Data for processing >>
=== Section Start ===

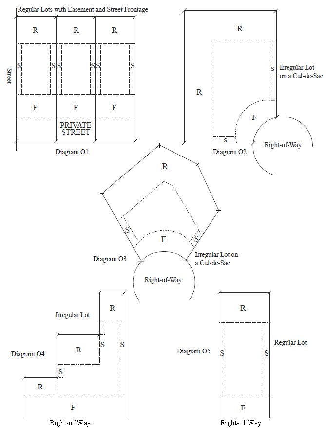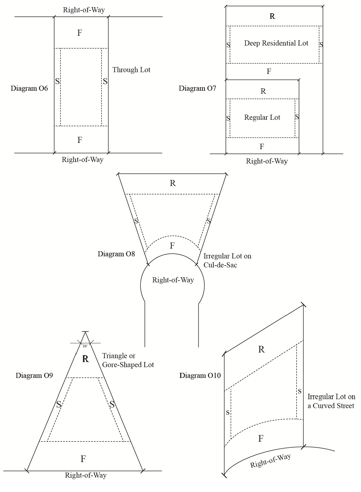 Setback (Maximum or Minimum), Rear Yard. The maximum or minimum distance by which any building or structure may be separated from the rear lot line. In the case of a triangular or gore-shaped lot, a line ten (10) feet in length entirely within the lot, parallel to and most distant from the front lot line shall be considered to be the rear lot line for the purpose of determining the rear yard setback. In the case of an irregular lot, the Zoning Administrator shall select a line or lines generally opposite the front lot line for the purpose of providing a rear yard area across and within the entirety of the lot as generally shown in the diagrams below. (Am. by ORD-17-00035, 3-29-17)
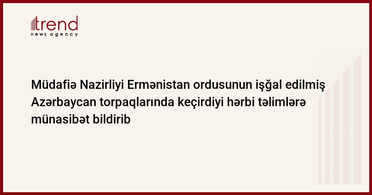 Azərbaycan Müdafiə Nazirliyi Ermənistan Silahlı Qüvvələrinin işğal etdiyi Azərbaycan torpaqlarında keçirdiyi hərbi təlimlərə və bu təlimdə Ermənistanın Prezidenti Serj Sarkisyanın iştirakına münasibət bildirib.
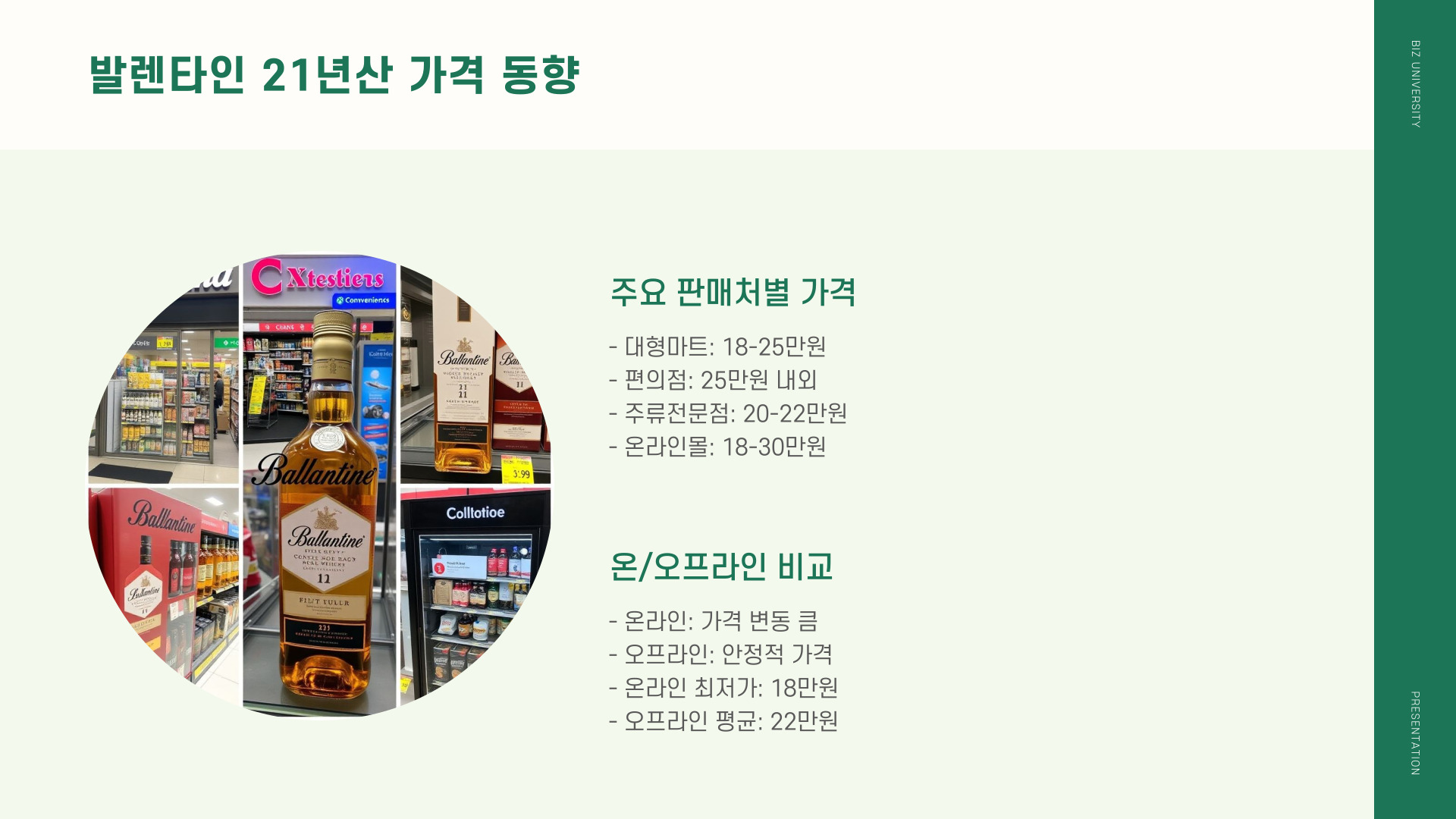 발렌타인 21년산의 가격은 다양한 요인에 따라 달라집니다. 가장 큰 영향을 미치는 요소 중 하나는 수요와 공급의 법칙입니다. 희소성이 높을수록 가격이 상승하는 경향이 있으며, 특정 시즌이나 이벤트에 따라 수요가 급증할 수 있습니다. 예를 들어, 발렌타인 데이와 같은 특별한 날에는 이 위스키의 수요가 늘어나 가격이 상승하는 현상을 볼 수 있습니다.
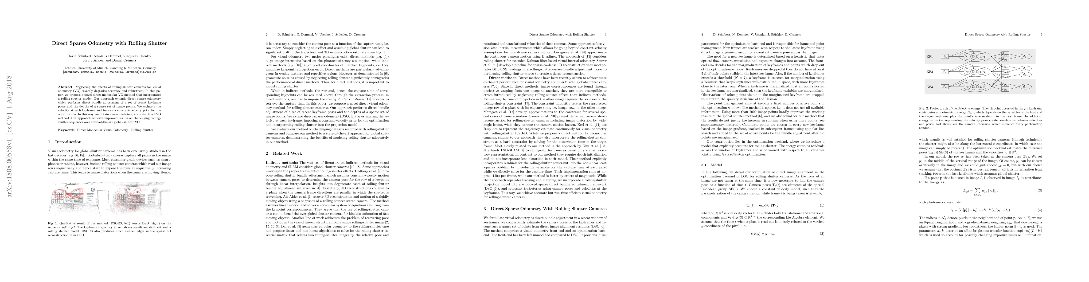 This paper proposes a novel direct monocular visual odometry method that incorporates a rolling-shutter model to improve accuracy and robustness. The method extends direct sparse odometry with a constant-velocity prior, achieving near real-time performance and outperforming state-of-the-art global-shutter VO on challenging sequences.
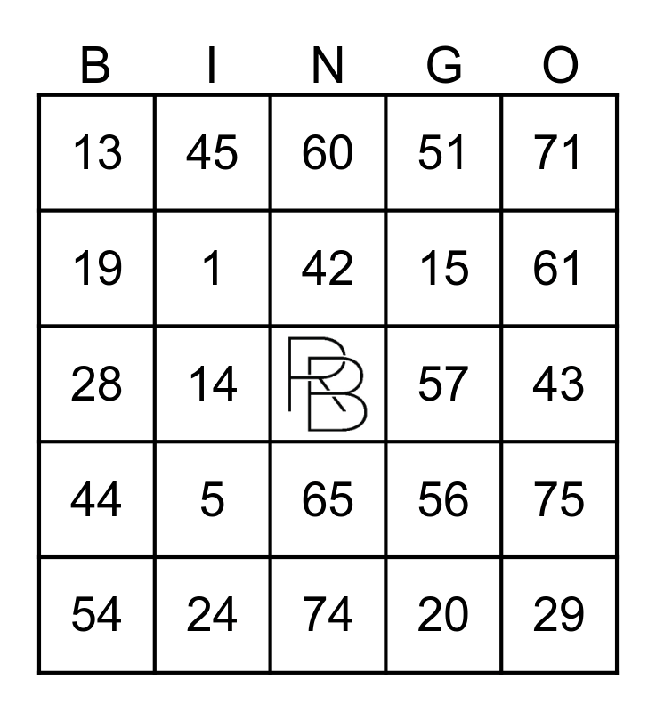 This bingo card has a free space and 24 words: 5, 24, 42, 54, 71, 13, 19, 45, 57, 65, 15, 28, 56, 75, 1, 20, 43, 60, 61, 14, 29, 44, 51 and 74.
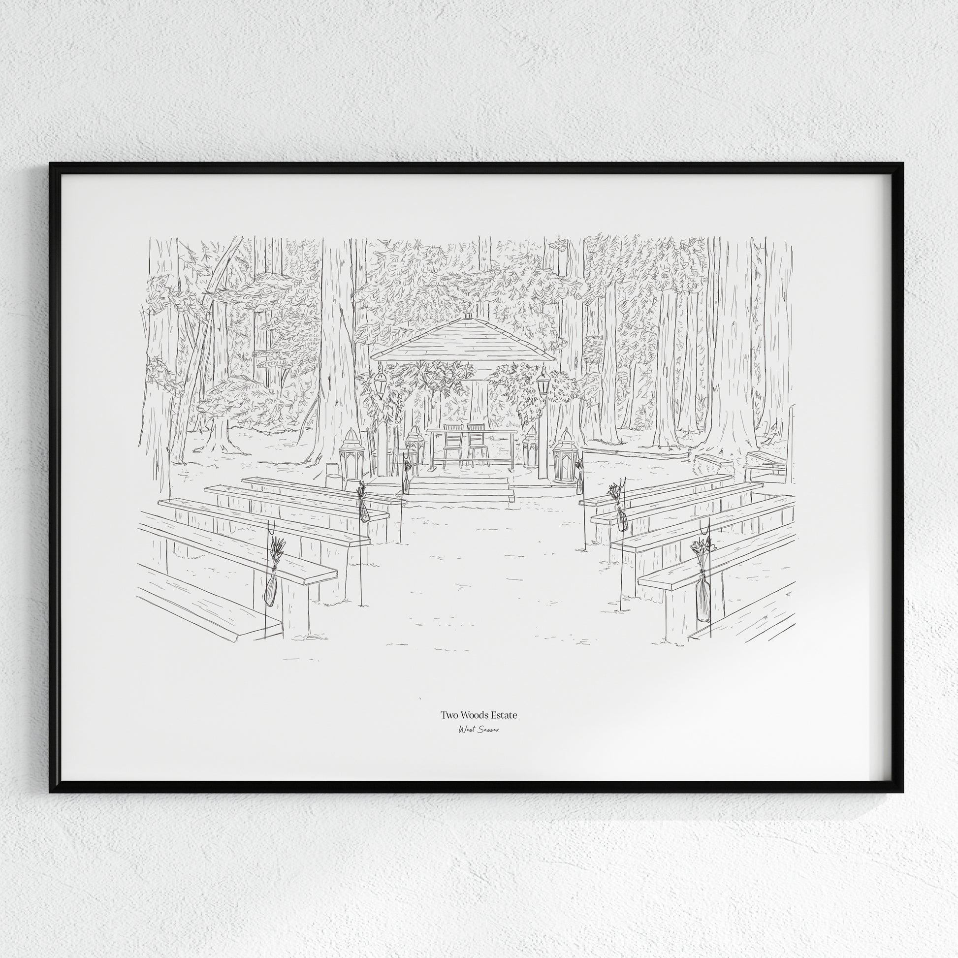 Two Woods Estate, a breathtaking and unique woodland wedding venue set in the heart of West Sussex, captured in a stunning illustration.

=== Section End ===

Once the pictures are set aside, copy the remaining text of every entry exactly.

Written solution >>
 Setback (Maximum or Minimum), Rear Yard. The maximum or minimum distance by which any building or structure may be separated from the rear lot line. In the case of a triangular or gore-shaped lot, a line ten (10) feet in length entirely within the lot, parallel to and most distant from the front lot line shall be considered to be the rear lot line for the purpose of determining the rear yard setback. In the case of an irregular lot, the Zoning Administrator shall select a line or lines generally opposite the front lot line for the purpose of providing a rear yard area across and within the entirety of the lot as generally shown in the diagrams below. (Am. by ORD-17-00035, 3-29-17)
 Azərbaycan Müdafiə Nazirliyi Ermənistan Silahlı Qüvvələrinin işğal etdiyi Azərbaycan torpaqlarında keçirdiyi hərbi təlimlərə və bu təlimdə Ermənistanın Prezidenti Serj Sarkisyanın iştirakına münasibət bildirib.
 발렌타인 21년산의 가격은 다양한 요인에 따라 달라집니다. 가장 큰 영향을 미치는 요소 중 하나는 수요와 공급의 법칙입니다. 희소성이 높을수록 가격이 상승하는 경향이 있으며, 특정 시즌이나 이벤트에 따라 수요가 급증할 수 있습니다. 예를 들어, 발렌타인 데이와 같은 특별한 날에는 이 위스키의 수요가 늘어나 가격이 상승하는 현상을 볼 수 있습니다.
 This paper proposes a novel direct monocular visual odometry method that incorporates a rolling-shutter model to improve accuracy and robustness. The method extends direct sparse odometry with a constant-velocity prior, achieving near real-time performance and outperforming state-of-the-art global-shutter VO on challenging sequences.
 This bingo card has a free space and 24 words: 5, 24, 42, 54, 71, 13, 19, 45, 57, 65, 15, 28, 56, 75, 1, 20, 43, 60, 61, 14, 29, 44, 51 and 74.
 Two Woods Estate, a breathtaking and unique woodland wedding venue set in the heart of West Sussex, captured in a stunning illustration.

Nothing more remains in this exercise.